Repeat all of the data below word for word, keeping no images.

(Dataset entries)
+++

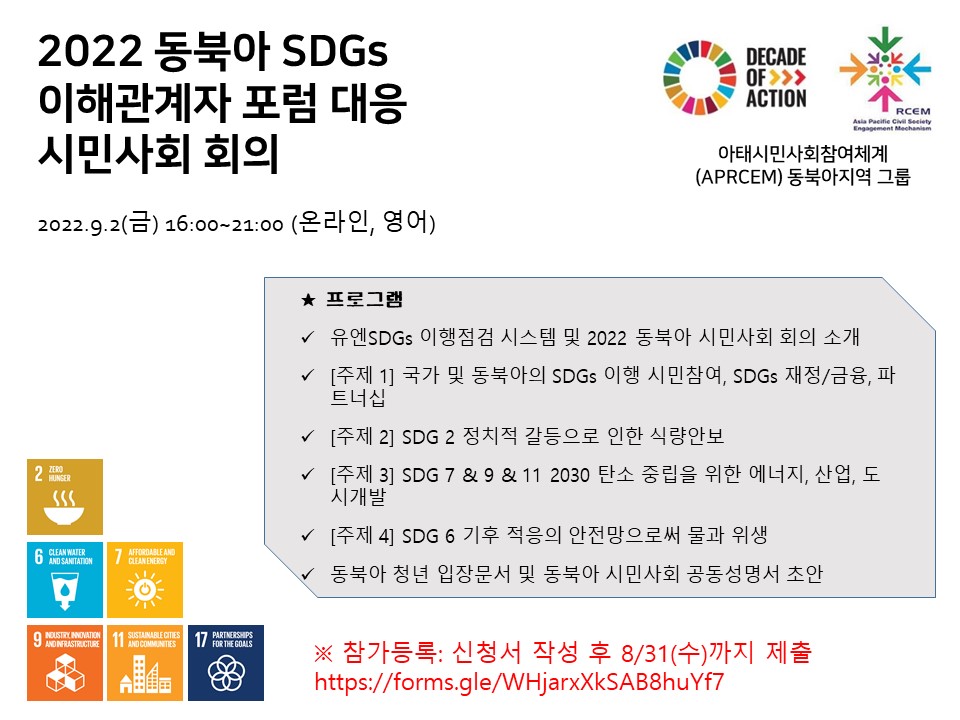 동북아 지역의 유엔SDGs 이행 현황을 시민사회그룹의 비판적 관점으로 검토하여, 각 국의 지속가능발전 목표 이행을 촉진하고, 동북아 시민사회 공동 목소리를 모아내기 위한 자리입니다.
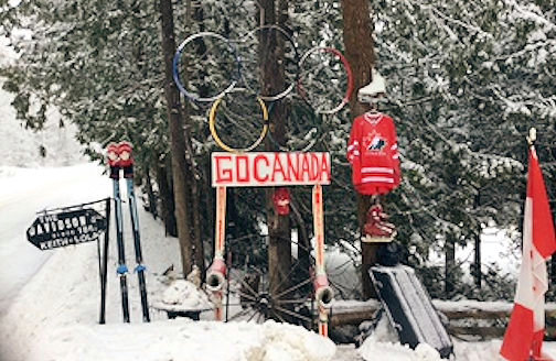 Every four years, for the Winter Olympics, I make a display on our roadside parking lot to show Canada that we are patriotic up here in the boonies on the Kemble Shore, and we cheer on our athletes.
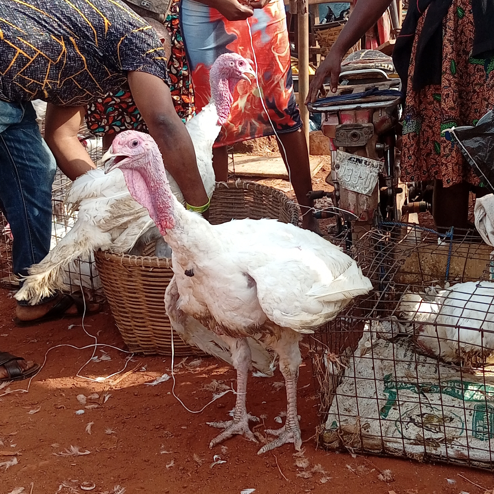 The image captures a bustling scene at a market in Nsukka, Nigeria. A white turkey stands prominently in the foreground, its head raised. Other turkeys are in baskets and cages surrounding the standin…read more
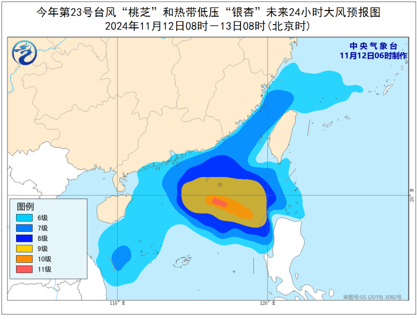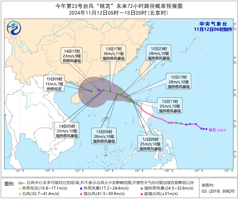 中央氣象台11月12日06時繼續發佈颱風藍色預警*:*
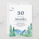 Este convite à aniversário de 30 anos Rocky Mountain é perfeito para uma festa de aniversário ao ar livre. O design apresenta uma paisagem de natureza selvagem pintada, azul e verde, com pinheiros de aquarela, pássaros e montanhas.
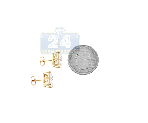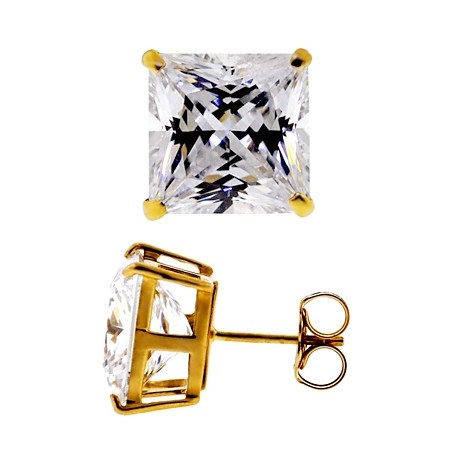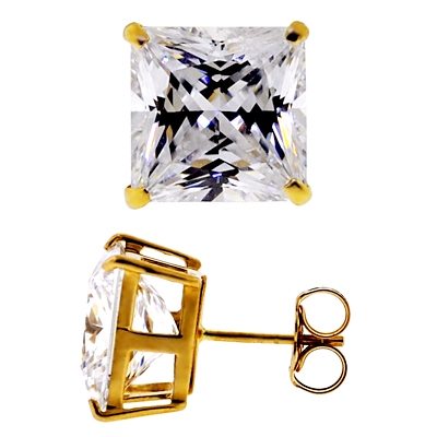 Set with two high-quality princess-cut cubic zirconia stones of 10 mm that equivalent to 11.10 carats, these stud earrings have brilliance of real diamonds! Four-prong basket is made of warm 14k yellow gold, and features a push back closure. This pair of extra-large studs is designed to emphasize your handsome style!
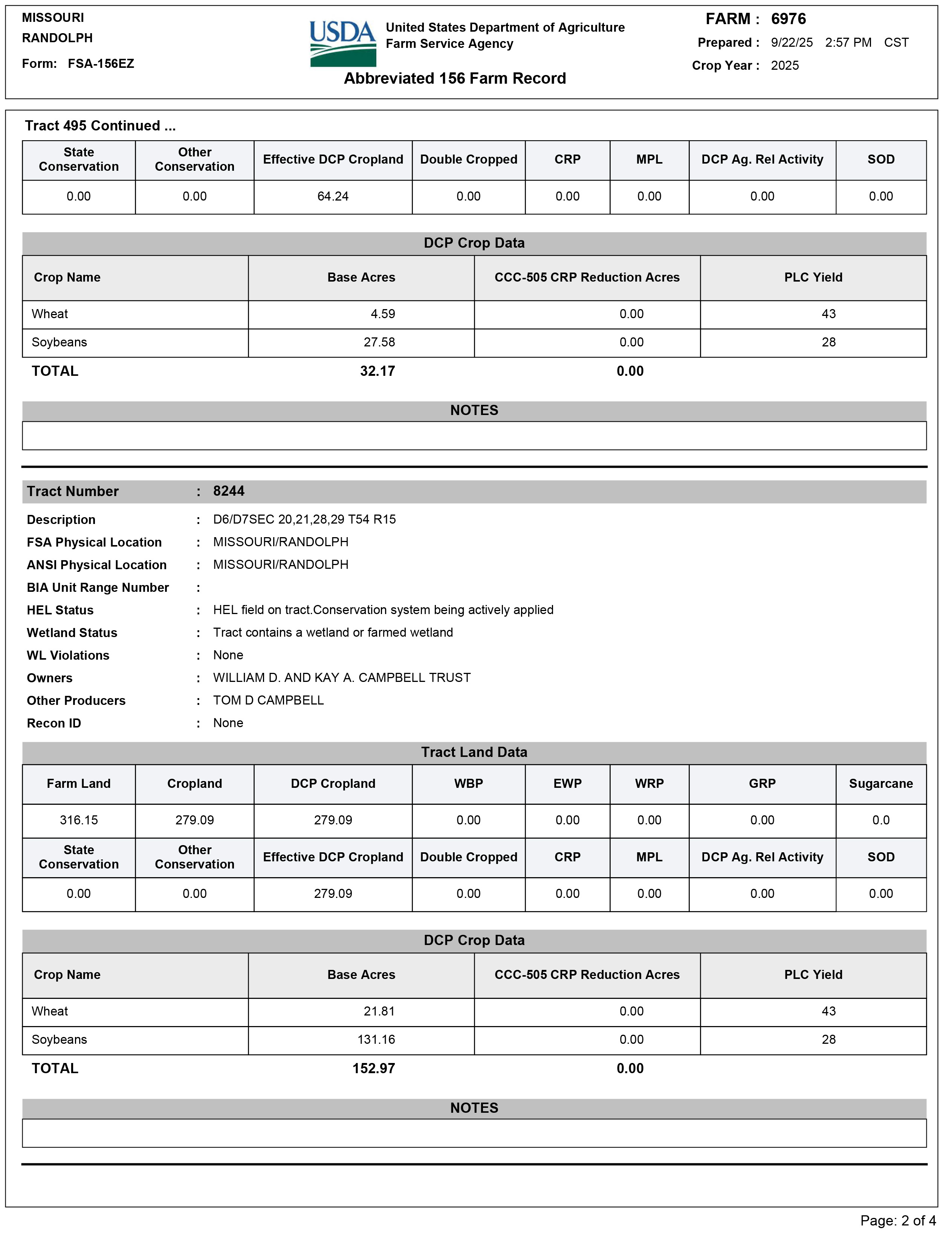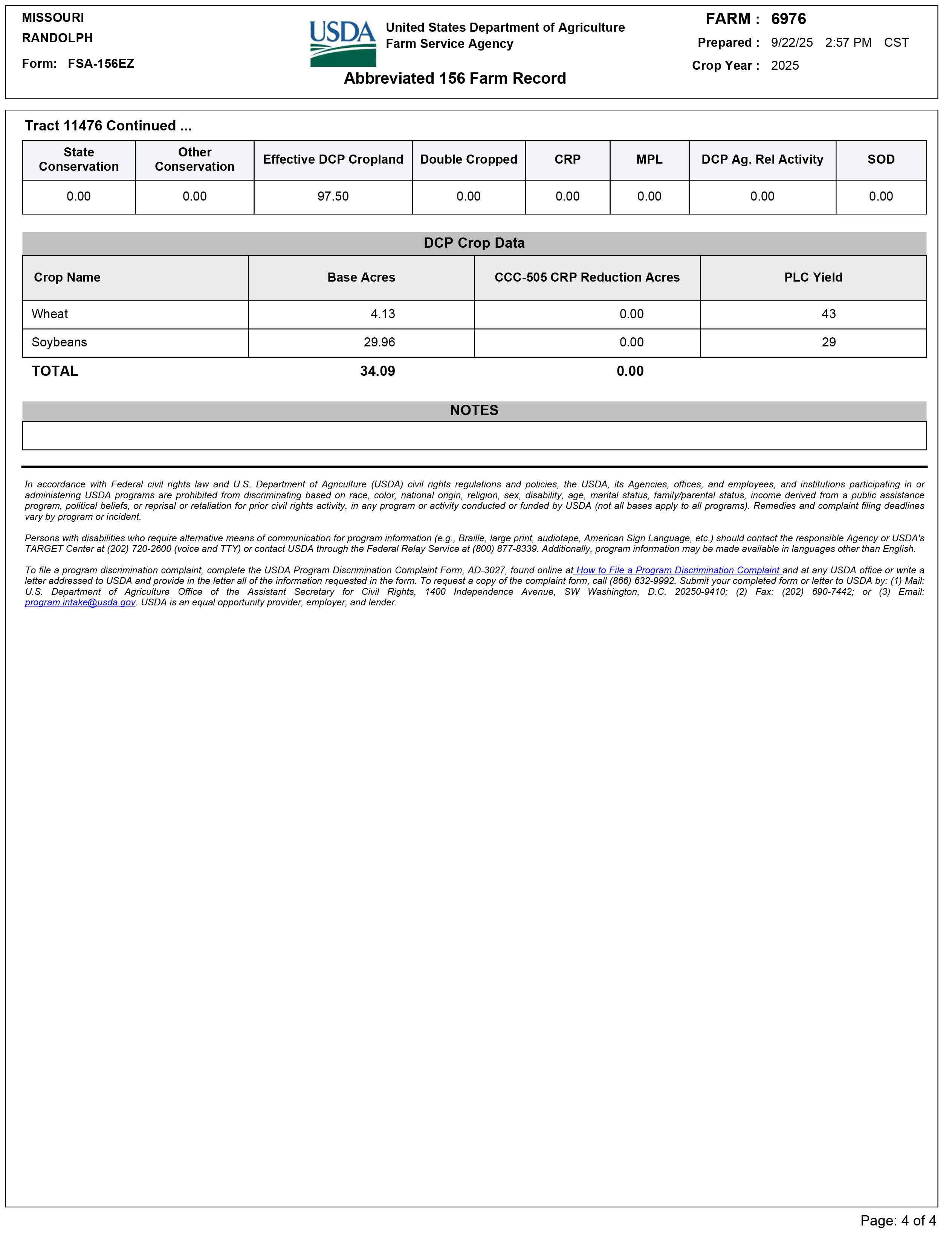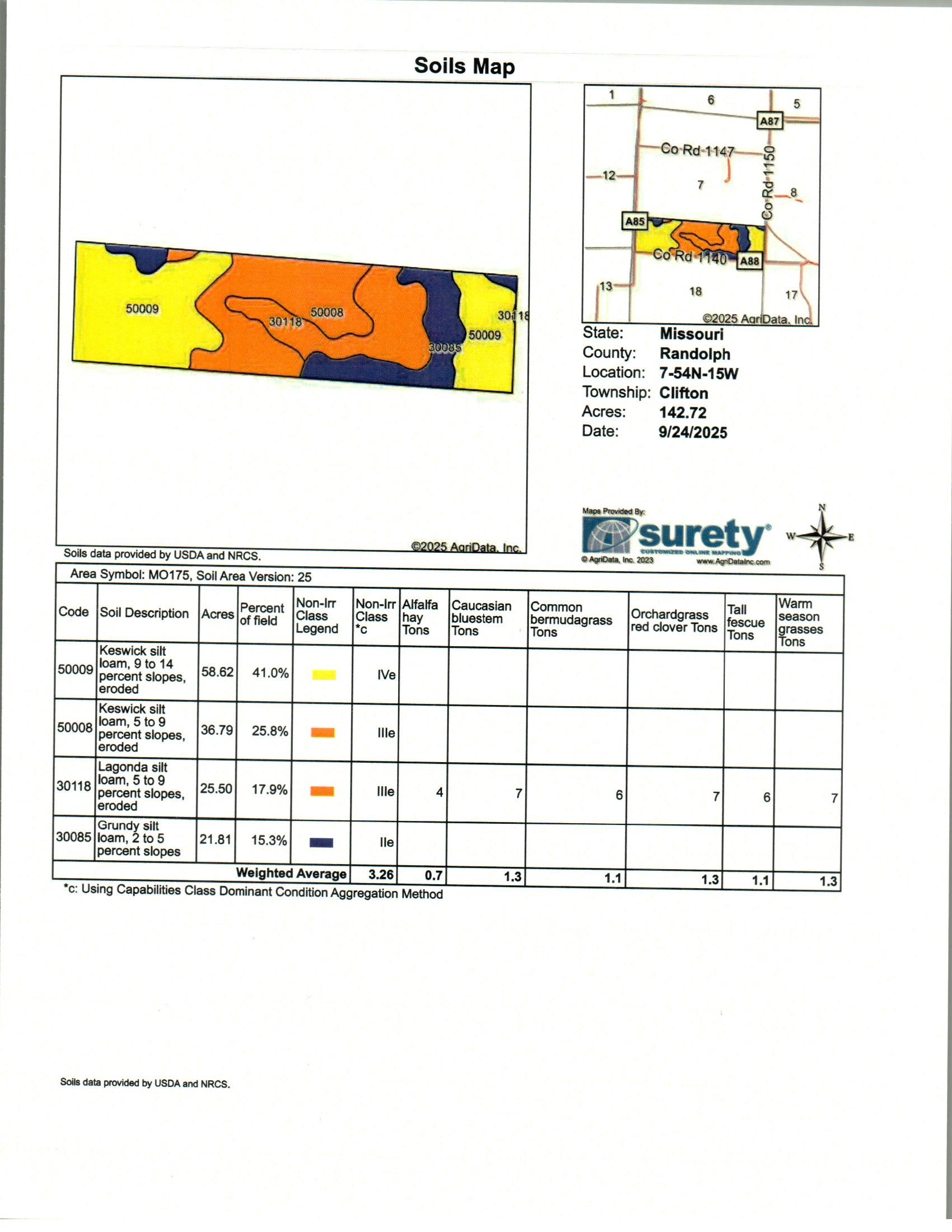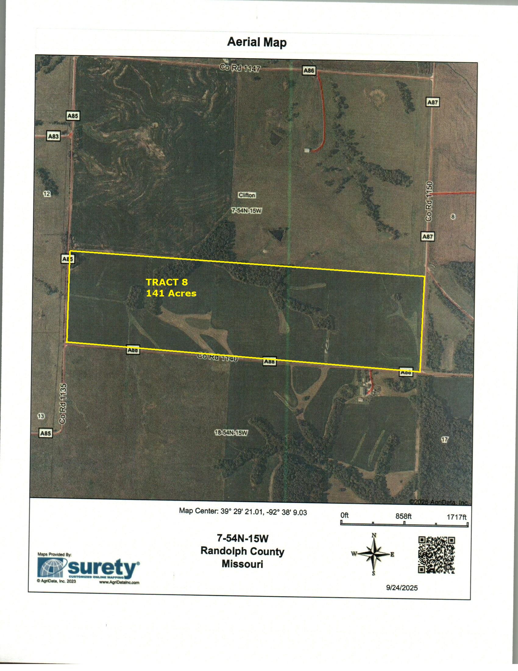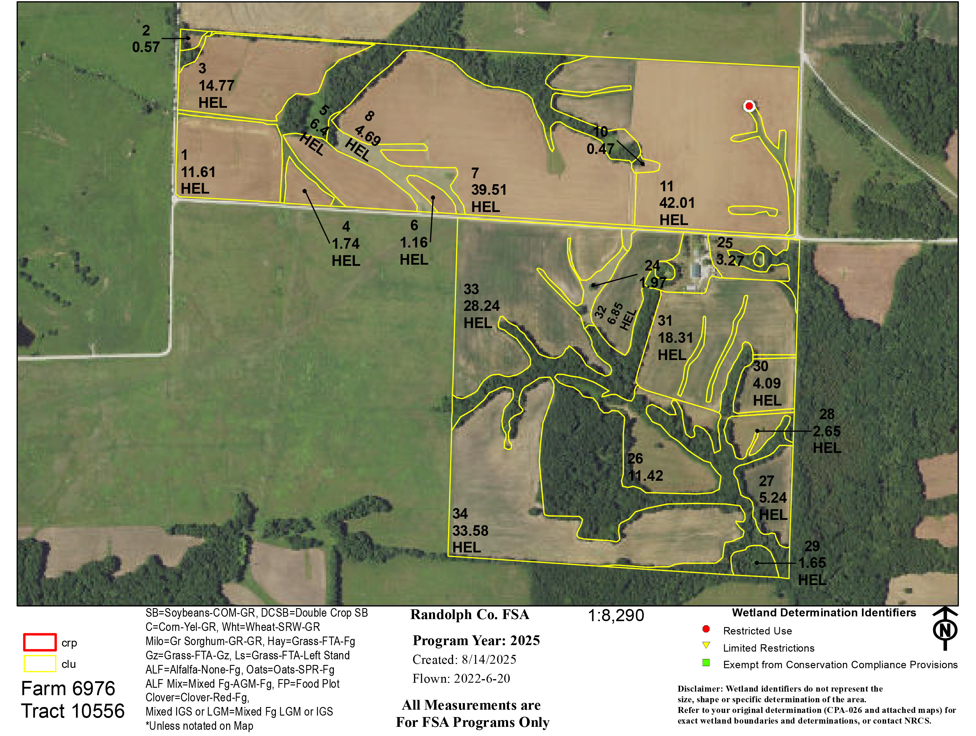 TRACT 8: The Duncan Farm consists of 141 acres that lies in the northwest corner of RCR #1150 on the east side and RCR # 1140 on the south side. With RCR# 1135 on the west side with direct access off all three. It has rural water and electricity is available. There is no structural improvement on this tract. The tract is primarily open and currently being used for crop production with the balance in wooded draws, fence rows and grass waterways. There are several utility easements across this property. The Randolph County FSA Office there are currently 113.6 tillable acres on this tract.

+++

RESPONSE
 동북아 지역의 유엔SDGs 이행 현황을 시민사회그룹의 비판적 관점으로 검토하여, 각 국의 지속가능발전 목표 이행을 촉진하고, 동북아 시민사회 공동 목소리를 모아내기 위한 자리입니다.
 Every four years, for the Winter Olympics, I make a display on our roadside parking lot to show Canada that we are patriotic up here in the boonies on the Kemble Shore, and we cheer on our athletes.
 The image captures a bustling scene at a market in Nsukka, Nigeria. A white turkey stands prominently in the foreground, its head raised. Other turkeys are in baskets and cages surrounding the standin…read more
 中央氣象台11月12日06時繼續發佈颱風藍色預警*:*
 Este convite à aniversário de 30 anos Rocky Mountain é perfeito para uma festa de aniversário ao ar livre. O design apresenta uma paisagem de natureza selvagem pintada, azul e verde, com pinheiros de aquarela, pássaros e montanhas.
 Set with two high-quality princess-cut cubic zirconia stones of 10 mm that equivalent to 11.10 carats, these stud earrings have brilliance of real diamonds! Four-prong basket is made of warm 14k yellow gold, and features a push back closure. This pair of extra-large studs is designed to emphasize your handsome style!
 TRACT 8: The Duncan Farm consists of 141 acres that lies in the northwest corner of RCR #1150 on the east side and RCR # 1140 on the south side. With RCR# 1135 on the west side with direct access off all three. It has rural water and electricity is available. There is no structural improvement on this tract. The tract is primarily open and currently being used for crop production with the balance in wooded draws, fence rows and grass waterways. There are several utility easements across this property. The Randolph County FSA Office there are currently 113.6 tillable acres on this tract.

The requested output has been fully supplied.